* [Source material]:
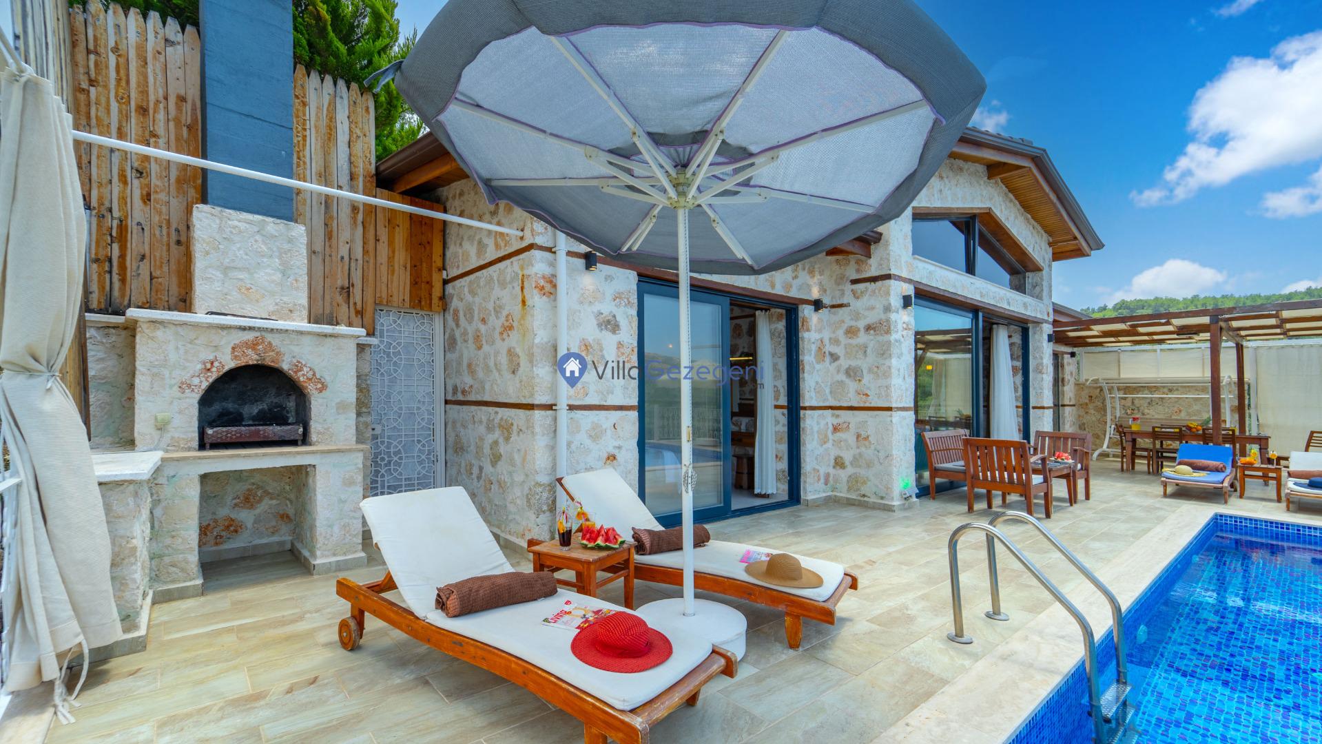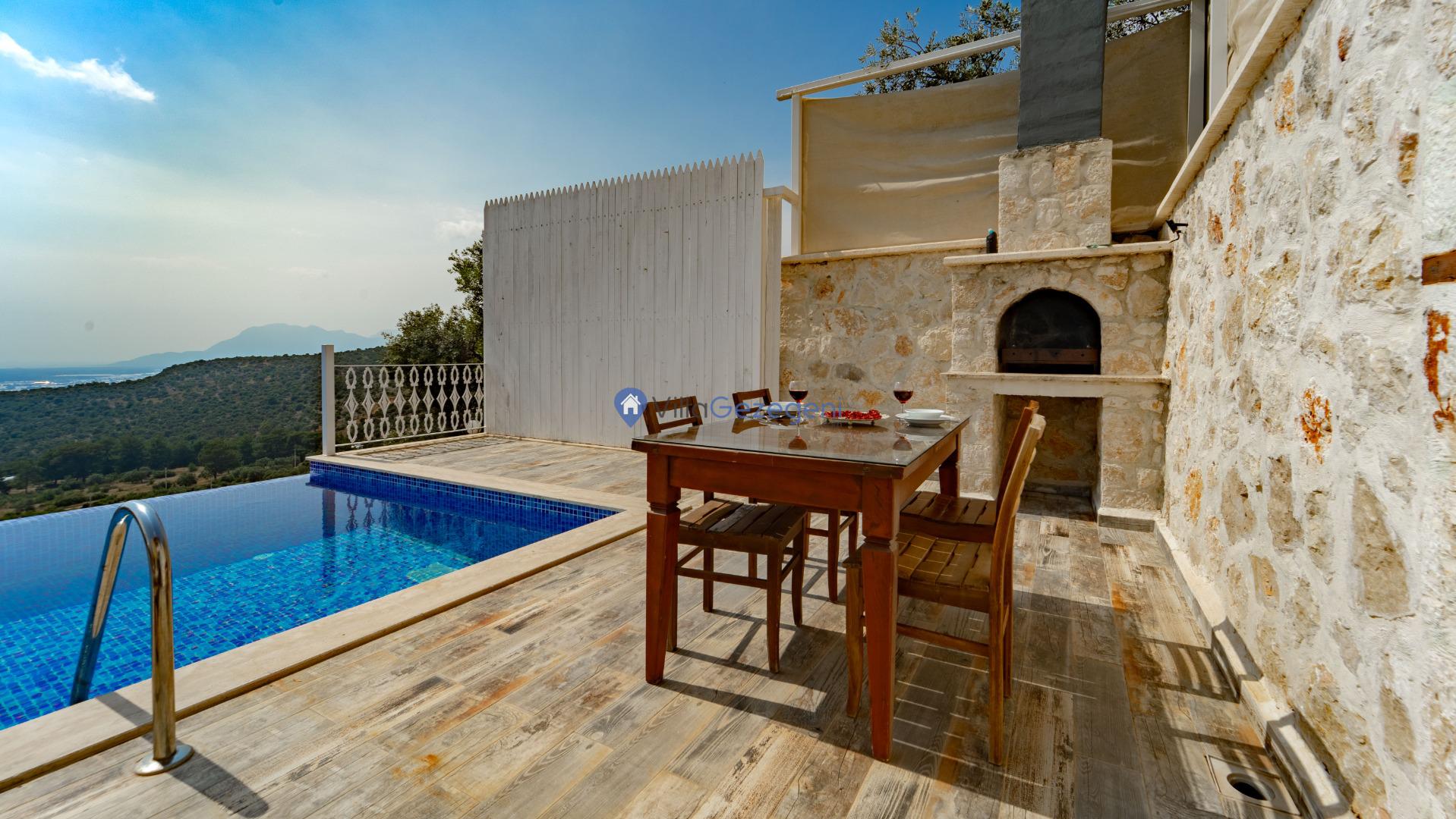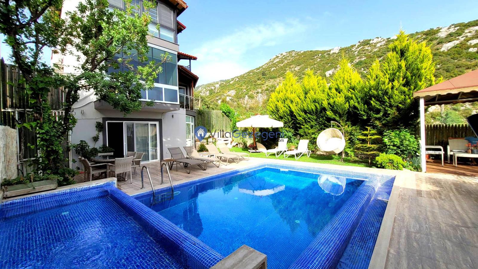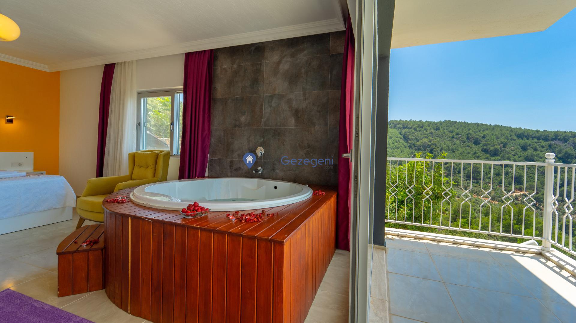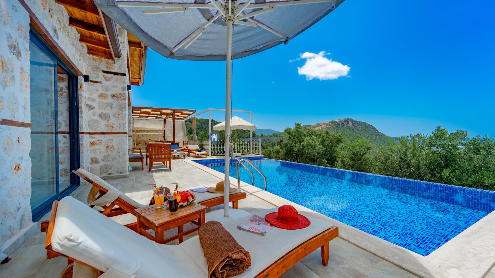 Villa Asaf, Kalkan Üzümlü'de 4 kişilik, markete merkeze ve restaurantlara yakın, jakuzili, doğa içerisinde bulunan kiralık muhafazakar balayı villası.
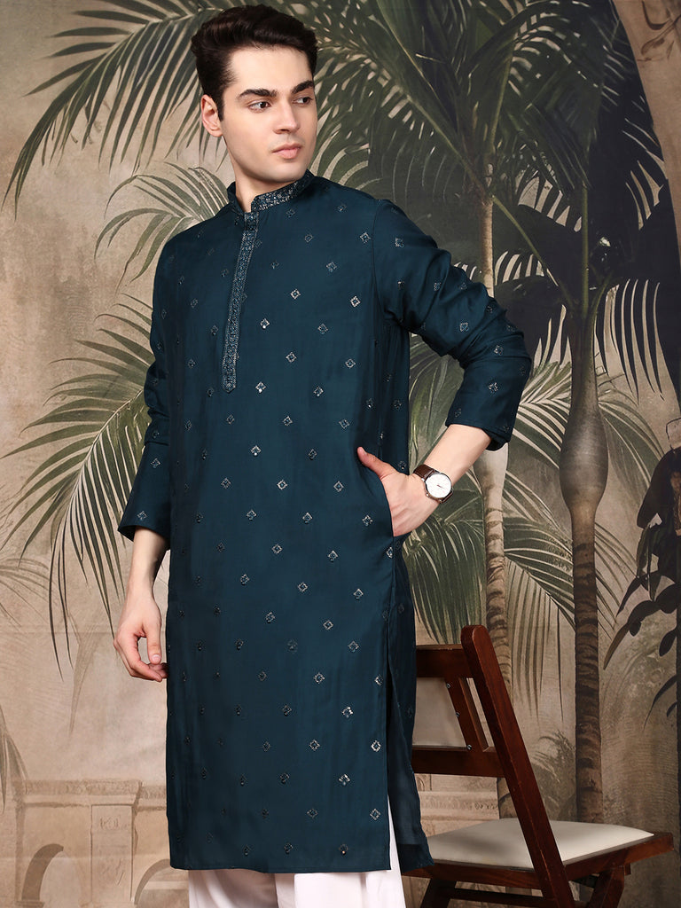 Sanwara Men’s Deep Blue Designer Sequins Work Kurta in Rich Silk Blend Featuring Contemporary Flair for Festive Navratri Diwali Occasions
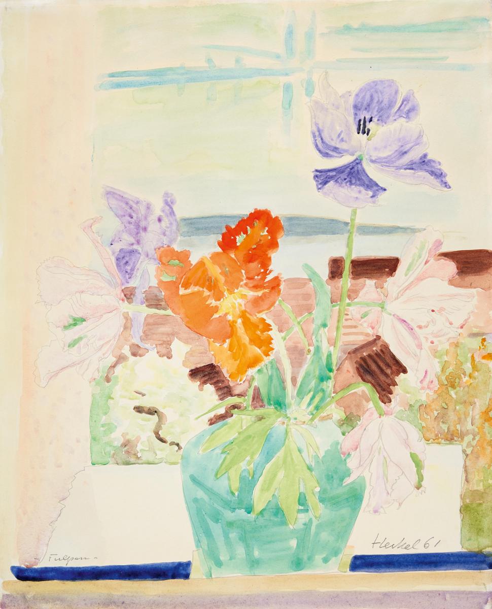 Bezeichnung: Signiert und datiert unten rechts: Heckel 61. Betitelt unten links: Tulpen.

* [Task details]: Set the entire listing down again, exact in every line, without any pictures.

* [Answer to this task]:
 Villa Asaf, Kalkan Üzümlü'de 4 kişilik, markete merkeze ve restaurantlara yakın, jakuzili, doğa içerisinde bulunan kiralık muhafazakar balayı villası.
 Sanwara Men’s Deep Blue Designer Sequins Work Kurta in Rich Silk Blend Featuring Contemporary Flair for Festive Navratri Diwali Occasions
 Bezeichnung: Signiert und datiert unten rechts: Heckel 61. Betitelt unten links: Tulpen.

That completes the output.